## [Entries supplied]
☆ ☆ ☆

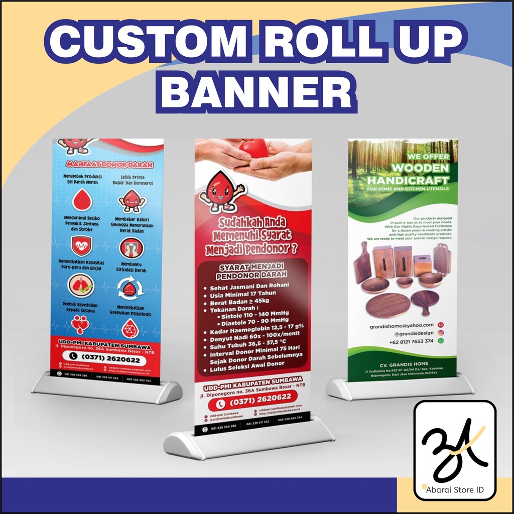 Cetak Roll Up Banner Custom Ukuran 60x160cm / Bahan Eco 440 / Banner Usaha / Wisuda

☆ ☆ ☆

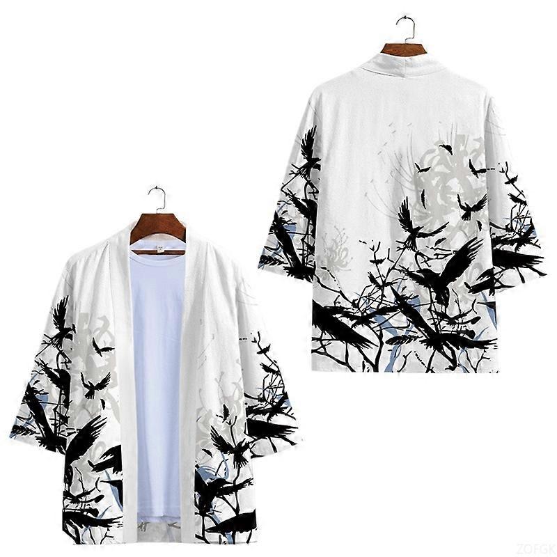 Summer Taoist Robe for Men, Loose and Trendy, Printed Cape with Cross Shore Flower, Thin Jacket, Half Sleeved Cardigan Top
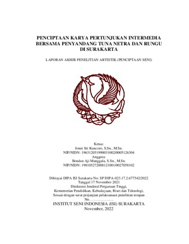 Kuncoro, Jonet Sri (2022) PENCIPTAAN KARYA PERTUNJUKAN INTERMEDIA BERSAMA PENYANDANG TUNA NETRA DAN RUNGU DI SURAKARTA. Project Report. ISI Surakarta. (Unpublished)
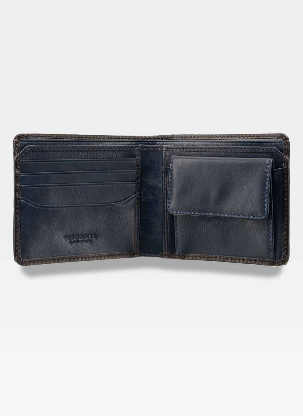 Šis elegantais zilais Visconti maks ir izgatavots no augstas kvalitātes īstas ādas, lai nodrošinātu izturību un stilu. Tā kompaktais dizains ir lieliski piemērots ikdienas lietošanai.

☆ ☆ ☆

Look above for the line with "Summer Taoist Robe" and the line with "Šis elegantais zilais". Output those two and everything between them exactly, pictures excluded.

 Summer Taoist Robe for Men, Loose and Trendy, Printed Cape with Cross Shore Flower, Thin Jacket, Half Sleeved Cardigan Top
 Kuncoro, Jonet Sri (2022) PENCIPTAAN KARYA PERTUNJUKAN INTERMEDIA BERSAMA PENYANDANG TUNA NETRA DAN RUNGU DI SURAKARTA. Project Report. ISI Surakarta. (Unpublished)
 Šis elegantais zilais Visconti maks ir izgatavots no augstas kvalitātes īstas ādas, lai nodrošinātu izturību un stilu. Tā kompaktais dizains ir lieliski piemērots ikdienas lietošanai.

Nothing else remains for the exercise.